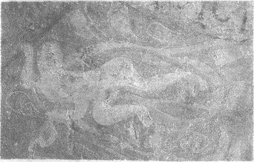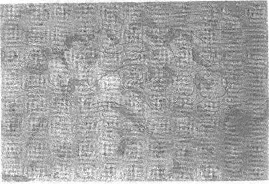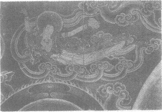 飞天图壁画隋。纵18厘米。甘肃省永靖县炳灵寺石窟第8窟顶藻井内壁画。飞天绕莲飞舞,其姿态宛如游龙,健美潇洒。作者以绿色涂底尤如澄明的碧空。人物以白色平涂,淡墨勾勒,全身裸露,身披的长长飘带随着她的飞翔而高高地飘起。整个形象显得十分自由活泼,富于青春之美。在佛教绘画中,这种全裸的形象是不多见的。
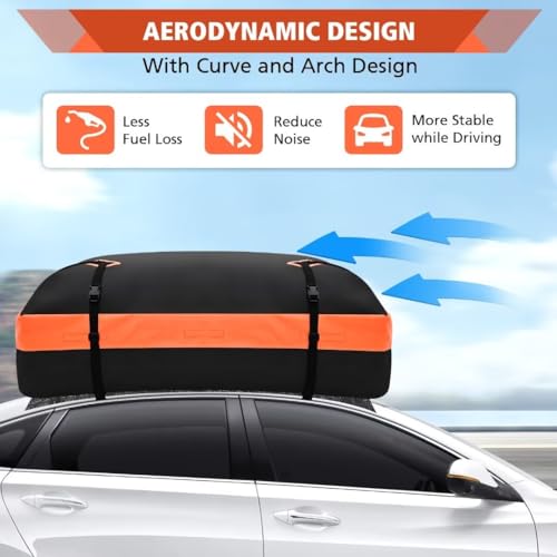 Car Rooftop Cargo Carrier Bag, 15 Cubic Feet Waterproof Soft-Shell Roof Bag, 500D Rooftop Luggage Bag
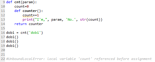 在 python 的函数内,可以直接引用外部变量,但不能改写外部变量,因此如果在闭包中直接改写父函数的变量,就会发生错误:
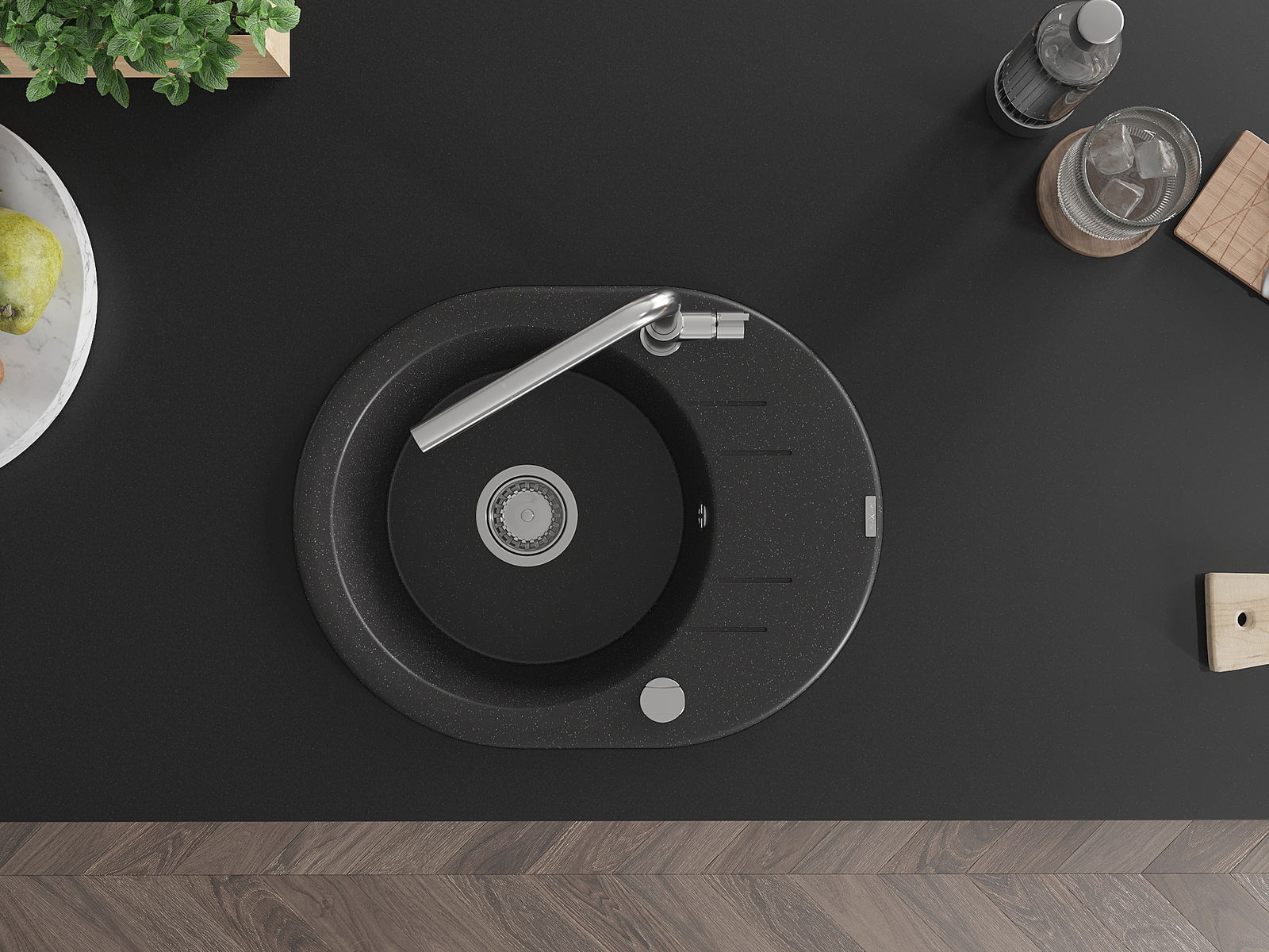 Den Ëmwäschbecken ass aus héichwäertege Granit gemaach. Et stellt eng elegant awer virun allem praktesch Ergänzung fir all Kichen duer, onofhängeg vun hirem Stil. Déi héich Qualitéit an Haltbarkeet vum Granit suergen fir méi järelaang Benotzung.
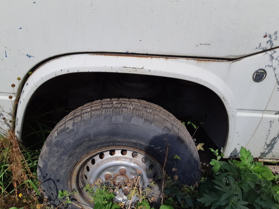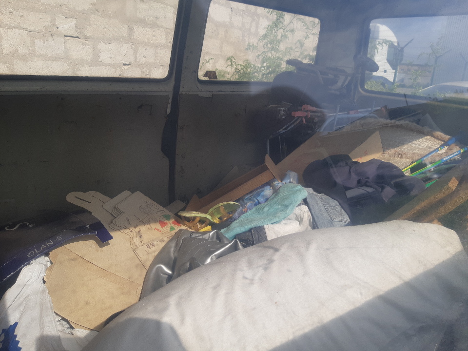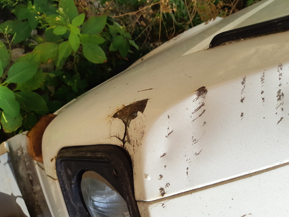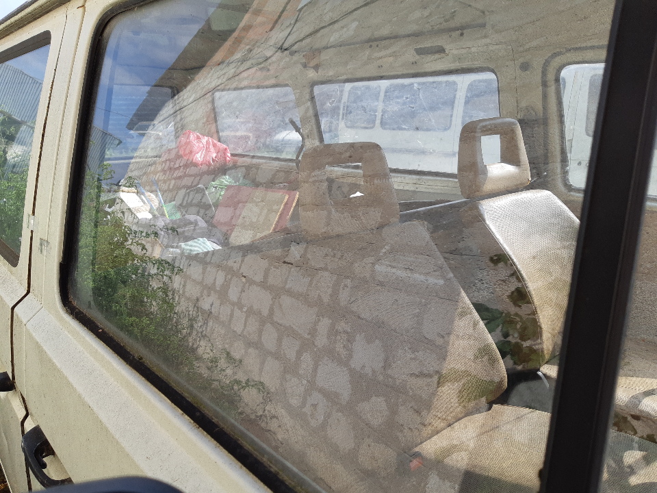 Ключі та реєстраційні, документи відсутні. Автомобіль зачинений, на кузові наявна значна корозія, відколи лако-фарбового покриття, вм'ятини передніх та задніх крил, боків, розбите праве дзеркало заднього виду, відсутня частина внутрішньої обшивки салону, значно пошкоджена обшивка сидіння водія, шини коліс прийшли в непридатний стан.
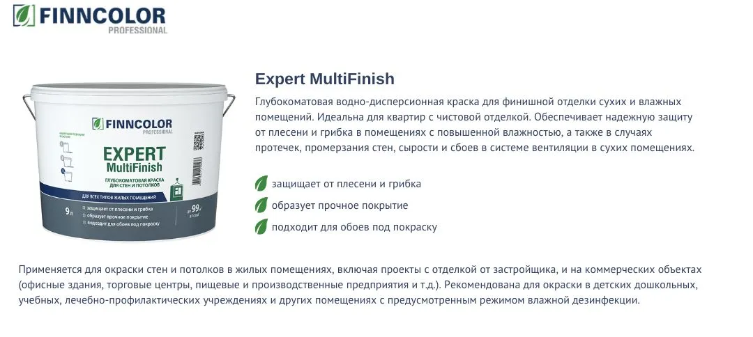 Рады представить новинку на рынке отделочных материалов — краску Finncolor Expert MultiFinish. Эта водно-дисперсионная краска идеально подходит для финишной отделки стен и потолков как в сухих, так и во влажных помещениях.
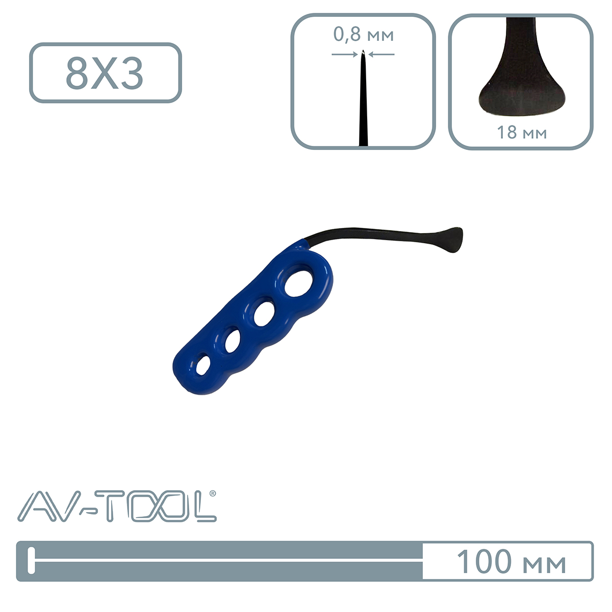 Китовый хвост карнизный 126PDRE для работы под усилителями в труднодоступных местах через узкие окошки (крышки багажников, капоты, крыши). Длина - 100 мм, ширина окончания - 18 мм.
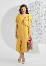 Платье женское относится к нарядной торжественной одежде. Платье полуприлегающего силуэта, с отлетной накидкой длиной за колено. Перед с двумя нагрудными вытачками, с двумя талиевыми вытачками. Спинка с двумя талиевыми вытачками и средним швом, заканчивающимся шлицей. Застежка на потайную тесьму-молнию в среднем шве спинки. Горловина круглая, обтачная, без воротника, по горловине закреплена накидка. Слева на уровне линии талии отделочным хлястиком, декорированным тесьмой накидка закрепляется на платье, нижняя часть накидки закреплена в левом боковом шве. Накидка с фигурным низом. Платье без рукавов. Длина спинки 103 см. Длина накидки от горловины 38 см
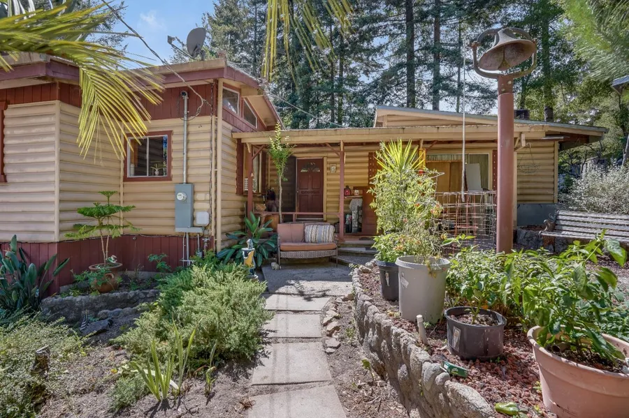 Dream BIG- Diamond in the rough!! Step into your future and turn you dreams into reality with this rare opportunity to own a home on a private sunny Approx 2 acres in Felton! Conveniently located just over a mile from Downtown and near the entrance to Henry Cowell State Park! This older home, which awaits your TLC, offers just over 2300 Sq Ft consisting of 3 bedrooms and 2 bathrooms with a great separation of space. Upstairs has a large open kitchen that leads to the dining/living room, a large bedroom which has access to the deck and an additional room/ office that's being used as a bedroom. Downstairs has 2 bedrooms each with their own entrances. There is a full bathroom on each floor. The large detached 4 car garage with workshop offers plenty of space for all of your current and future projects. The home is situated at the end of Manzanita Ave. with a long driveway that provides plenty of parking and privacy with an abundance of sun and space for gardening to your heart's content!
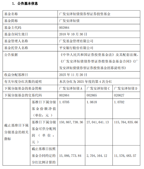 公告 广发安泽短债债券型证券投资基金2025年第3季度报告
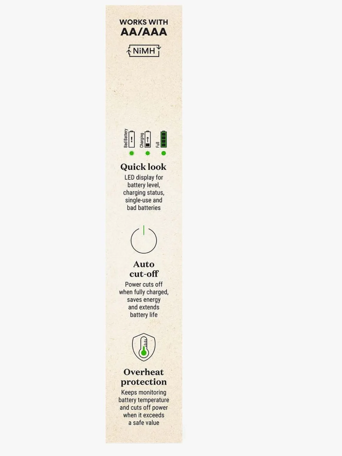 – Sikkerhedstimer, der slukker for opladeren, når batterierne er fuldt opladede. Dette forhindrer overopladning, overstrøm og kortslutning og forbedrer batteriernes levetid.
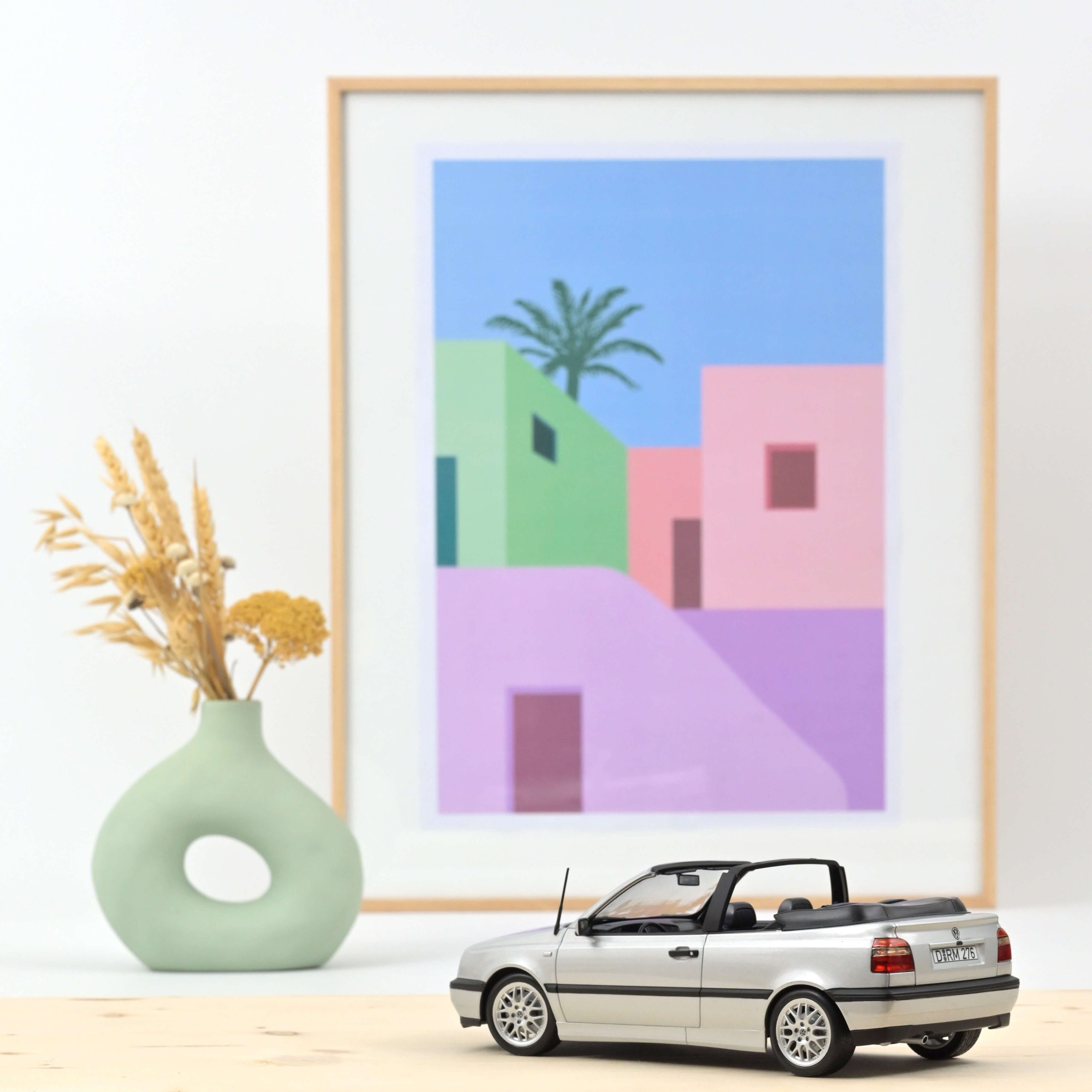 Le modèle peint en argent satiné reproduit au mieux les lignes élégantes de son modèle. En combinaison avec l’intérieur noir et les jantes BBS aussi attrayantes que sportives, la miniature Norev cite une Golf typique des années 1990.
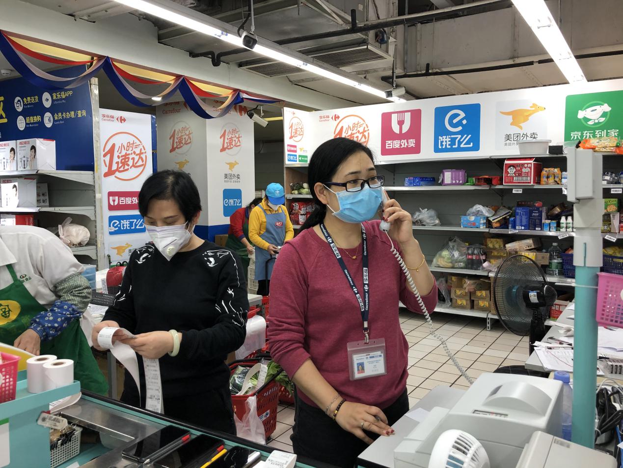 “最近十幾天,我們每天都要工作12個小時以上。”說這話的正是家樂福深圳梅林店的電商主管王立華,由她帶領(lǐng)的5人小團隊肩負(fù)起該店“配送到家”服務(wù)的揀貨、核單、打包、確認(rèn)、與騎手交貨等工作。疫情當(dāng)前為避開人群,更多的市民選擇在線上外賣平臺訂購超市的商品配送到家,因此超市的線上訂單猛增。為了實現(xiàn)“1小時速達(dá)”的承諾,避免訂單超時,王立華要求團隊從出單到打包好不能超過20分鐘,每天過手的各類商品有上千件?!凹覙犯C妨值甑馁u場面積大概是5000平方米,每天上下樓跑多少趟具體倒是沒有統(tǒng)計過,但像現(xiàn)在特殊時期,我們一天在網(wǎng)上接到的‘配送到家’服務(wù)訂單基本都要超過800單,有時候會到1000單?!蓖趿⑷A回答記者時,額頭上一直有細(xì)密的汗珠,聲音也有點沙啞了。
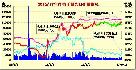 9月11日電子撮合交易成交量增加,合同均價漲跌互現(xiàn),成交積極合約主要集中于中遠期合同,MA1801成交量最大,為2600噸;訂貨量增加,其中MA1712增加最多,為410噸;合同均價漲跌互現(xiàn)。開秤時間,各地根據棉花生長情況有所不同,新州、蔡甸、仙桃等地企業(yè)開秤較早,荊州、黃岡等地企業(yè)開秤相對晚些。和往年一樣,早期入市收購的仍以200型企業(yè)為主,黃岡某企業(yè)負責人介紹,當地400型企業(yè)幾乎沒開秤,200型企業(yè)3.2元/斤收購,及時加工,銷售價14200元/噸左右,賺取一定利潤加快周轉。相比去年,今年400型企業(yè)參與新棉收購數量將有所增加。某400型企業(yè)已連續(xù)2年沒在本地收購,今年剛開秤收購,開秤第一天就收購了3萬多斤籽棉,該廠負責人感慨如再不運行,機器設備將閑置報廢,連加工技術人員都難招了。
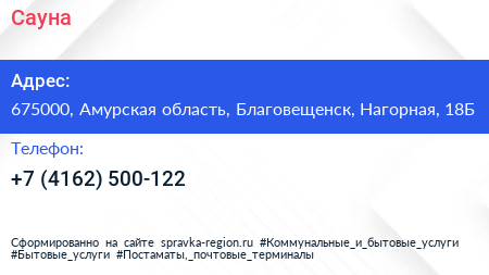 Сауна по адресу 675000, Амурская область, Благовещенск, Нагорная, 18Б в дальнейшем Организация, размещена в следующих категориях:
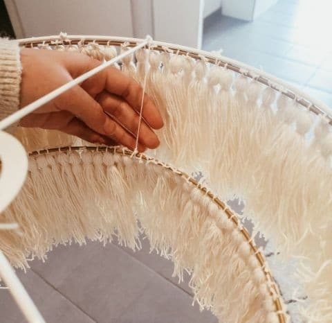 Симпатичный абажур своими руками для люстры можно сделать быстро и красиво. Начнем с того что выберем размер и начнем оплетать картон шерстяной тканью.

▶ [Work to complete]: Without any picture, return exactly the lines of the records above from the first through the line that contains "Ключі та реєстраційні, документи".

▶ [Exercise result]:
 飞天图壁画隋。纵18厘米。甘肃省永靖县炳灵寺石窟第8窟顶藻井内壁画。飞天绕莲飞舞,其姿态宛如游龙,健美潇洒。作者以绿色涂底尤如澄明的碧空。人物以白色平涂,淡墨勾勒,全身裸露,身披的长长飘带随着她的飞翔而高高地飘起。整个形象显得十分自由活泼,富于青春之美。在佛教绘画中,这种全裸的形象是不多见的。
 Car Rooftop Cargo Carrier Bag, 15 Cubic Feet Waterproof Soft-Shell Roof Bag, 500D Rooftop Luggage Bag
 在 python 的函数内,可以直接引用外部变量,但不能改写外部变量,因此如果在闭包中直接改写父函数的变量,就会发生错误:
 Den Ëmwäschbecken ass aus héichwäertege Granit gemaach. Et stellt eng elegant awer virun allem praktesch Ergänzung fir all Kichen duer, onofhängeg vun hirem Stil. Déi héich Qualitéit an Haltbarkeet vum Granit suergen fir méi järelaang Benotzung.
 Ключі та реєстраційні, документи відсутні. Автомобіль зачинений, на кузові наявна значна корозія, відколи лако-фарбового покриття, вм'ятини передніх та задніх крил, боків, розбите праве дзеркало заднього виду, відсутня частина внутрішньої обшивки салону, значно пошкоджена обшивка сидіння водія, шини коліс прийшли в непридатний стан.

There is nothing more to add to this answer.